Kerygmachela kierkegaardi is a gilled lobopodian from the Cambrian Stage 3 aged Sirius Passet Lagerstätte in northern Greenland. Its anatomy strongly suggests that it, along with its relative Pambdelurion whittingtoni, was a close relative of radiodont (anomalocaridids) and euarthropods. The generic name "Kerygmachela" derives from the Greek words Kerygma (proclamation) and Chela (claw), in reference to the flamboyant frontal appendages.
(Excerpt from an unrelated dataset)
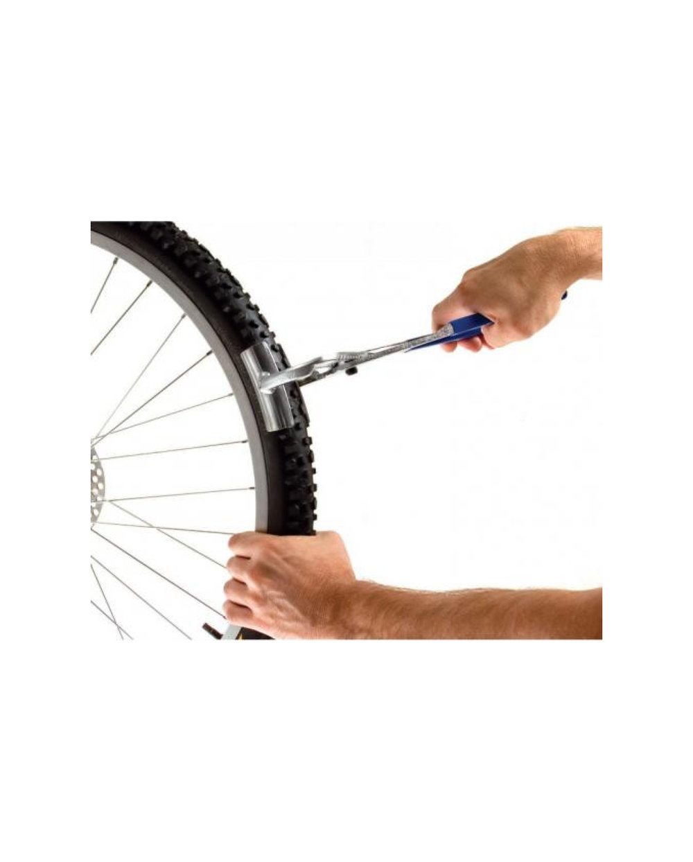 Shaped jaws with rough surface. Adjustable for all bicycle tire sizes.

The specific name, "kierkegaardi" honors Danish philosopher Søren Kierkegaard.

Morphology 

The head of Kerygmachela possesses a pair of well-developed frontal appendages which correspond to those of other dinocaridids and siberiid lobopodians. Each of them terminates in a series of long spines. A pair of sessile, slit-like compound eyes is located slightly behind the base of these appendages. A small anterior-facing mouth is located below the head and bears a pair of stylet-like structures. The head also possesses a median lobe-like projection that carries a pair of small, possible ocular structures. The body is composed of 11 segments, each indicated by 4 dorsal turberculates associated with 11 pairs of lateral flaps with dorsal gill-like structures, along with 11 pairs of small legs (lobopods) located just below the flaps. The body ends with a single tail spine that was formerly thought to be a pair of cerci. 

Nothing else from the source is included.